## TASK DESCRIPTION
Nothing but the lines from the start of the data through the line with "Fully furnished self-contained" should appear in the answer, each retyped exactly, and pictures should not.

## PROVIDED DATA
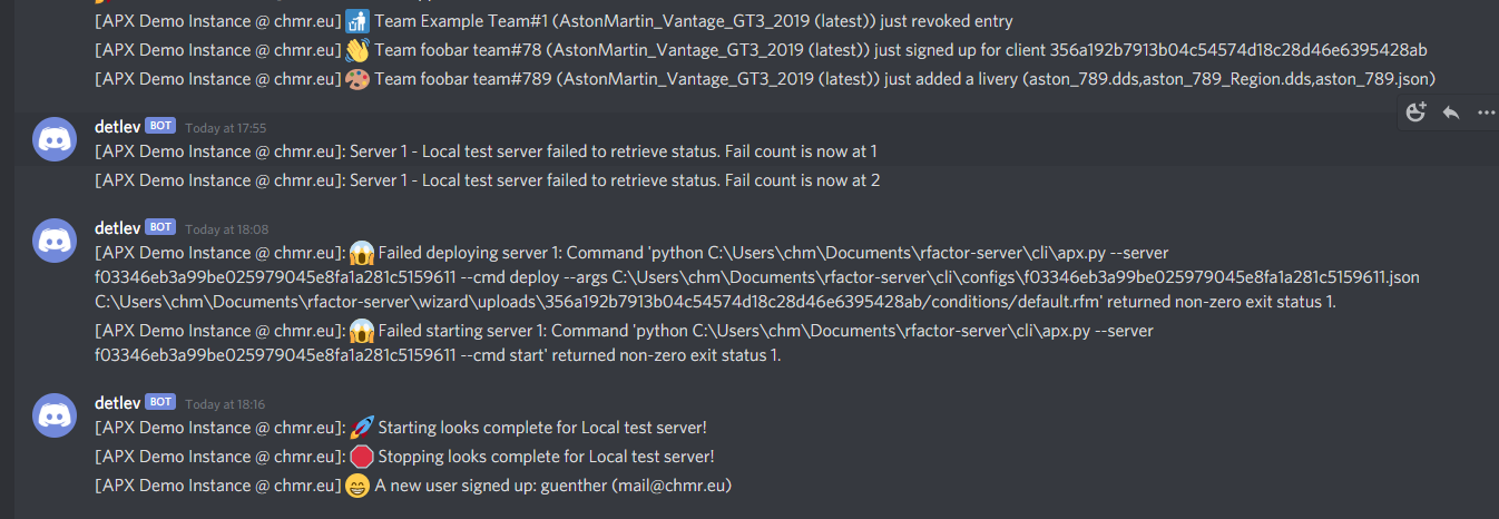 Also, support for Discord web hooks was added to get a status log about what is currently happening on the instance, allowing users to get an uncomplicated view, for example to identify if a participant already submitted the liveries.
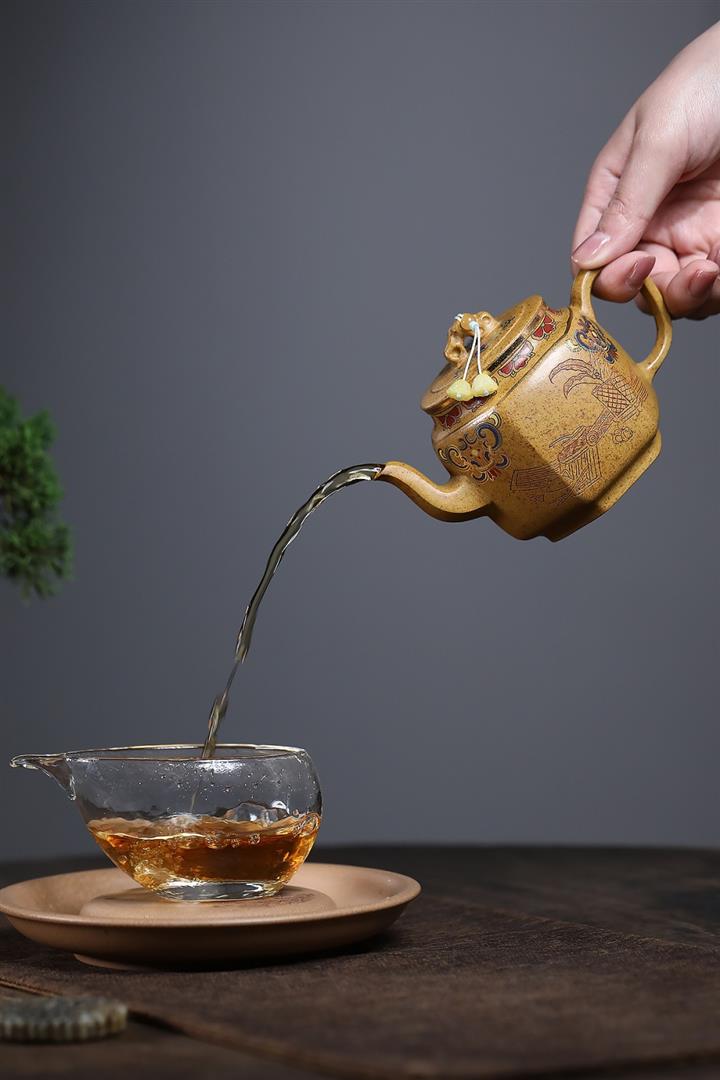 【泥料特點】砂土氣重,似淳實農民,日久使用,漸露鋒芒,養成變化,溫潤莊重。紫砂是壹種雙重氣孔結構的多孔性材質,氣孔微細,密度高。用紫砂壺沏茶,不失原味,且香不渙散,得茶之真香真味。紫砂使用越久,壺身色澤越發光亮照人,氣韻溫雅。紫砂壺長久使用器身會因撫摸擦拭,變得越發溫潤光澤。
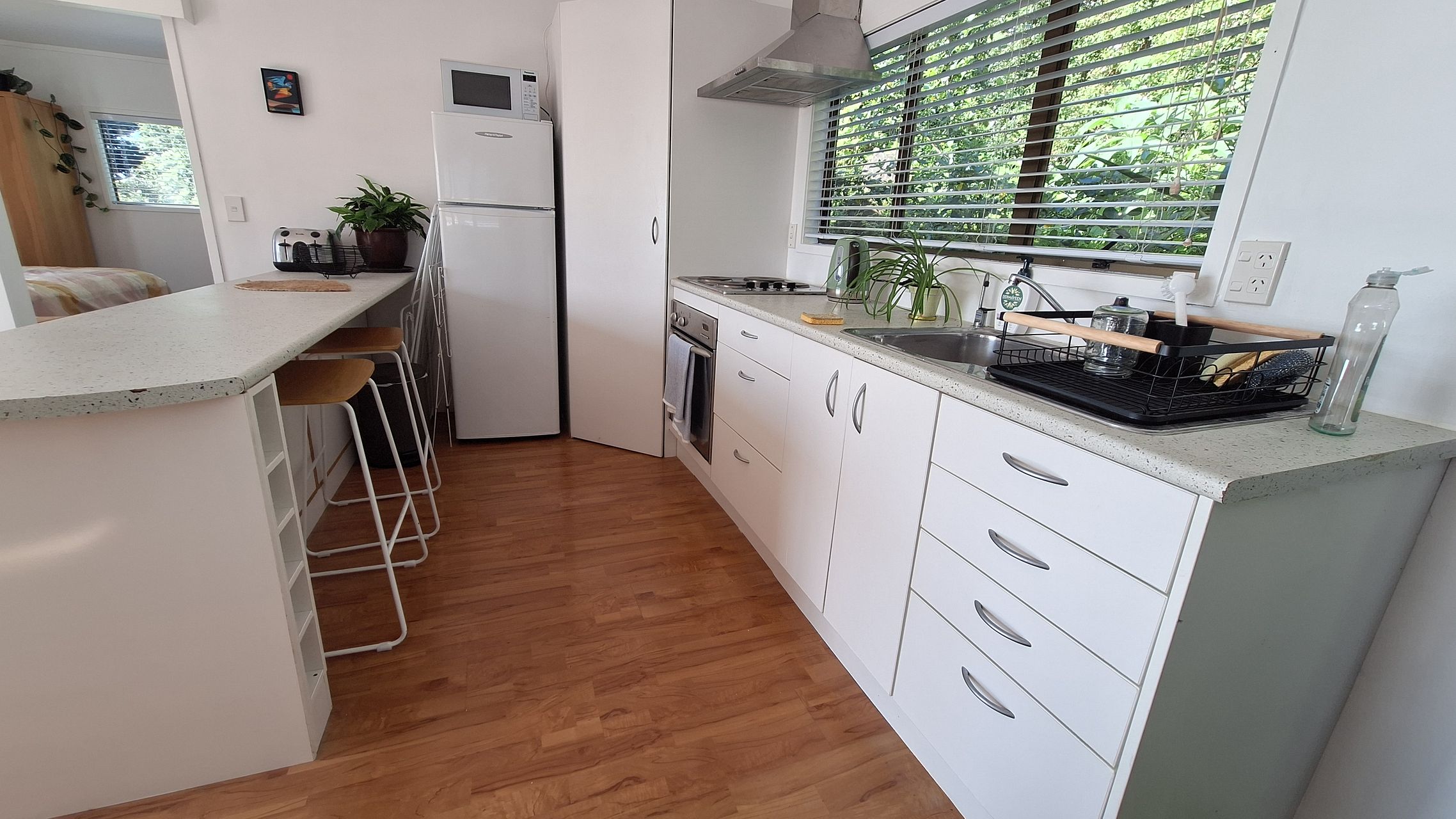 Fully furnished self-contained one-bedroom unit, with own separate entrance, shared driveway, and one off-street car park.
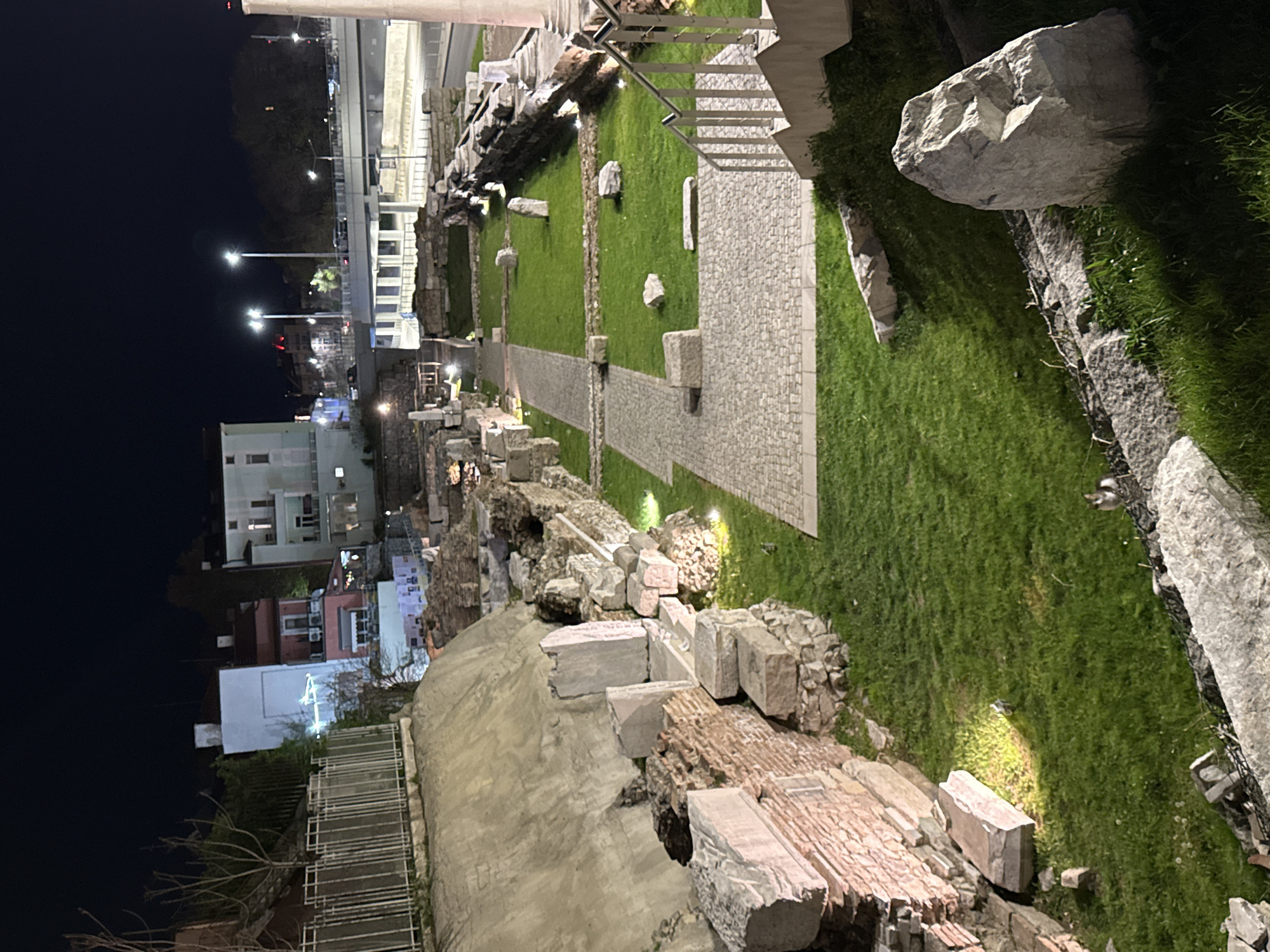Ancient ruins line a grassy area at night. Stone structures are visible on both sides of a cobbled path. Modern buildings and streetlights can be seen in the background. Large stone blocks are scattered along the edges, with some integrated into the ruin walls. The scene is illuminated by artificial lighting, highlighting the textures of the stone and grass. A metal railing is visible on the left side of the path.

## TASK SOLUTION
 Also, support for Discord web hooks was added to get a status log about what is currently happening on the instance, allowing users to get an uncomplicated view, for example to identify if a participant already submitted the liveries.
 【泥料特點】砂土氣重,似淳實農民,日久使用,漸露鋒芒,養成變化,溫潤莊重。紫砂是壹種雙重氣孔結構的多孔性材質,氣孔微細,密度高。用紫砂壺沏茶,不失原味,且香不渙散,得茶之真香真味。紫砂使用越久,壺身色澤越發光亮照人,氣韻溫雅。紫砂壺長久使用器身會因撫摸擦拭,變得越發溫潤光澤。
 Fully furnished self-contained one-bedroom unit, with own separate entrance, shared driveway, and one off-street car park.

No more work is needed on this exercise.